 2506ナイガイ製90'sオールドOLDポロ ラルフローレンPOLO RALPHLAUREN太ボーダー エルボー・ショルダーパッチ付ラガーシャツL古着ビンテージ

...

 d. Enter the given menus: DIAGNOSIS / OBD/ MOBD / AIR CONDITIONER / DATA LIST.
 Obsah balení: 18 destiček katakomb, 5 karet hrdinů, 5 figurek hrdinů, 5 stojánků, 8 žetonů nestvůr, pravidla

- Task goal -
Please transcribe exactly the lines above from the line that has "d. Enter the" up to and including the line that has "Obsah balení: 18"; no other line belongs in the answer.

- Written response -
 d. Enter the given menus: DIAGNOSIS / OBD/ MOBD / AIR CONDITIONER / DATA LIST.
 Obsah balení: 18 destiček katakomb, 5 karet hrdinů, 5 figurek hrdinů, 5 stojánků, 8 žetonů nestvůr, pravidla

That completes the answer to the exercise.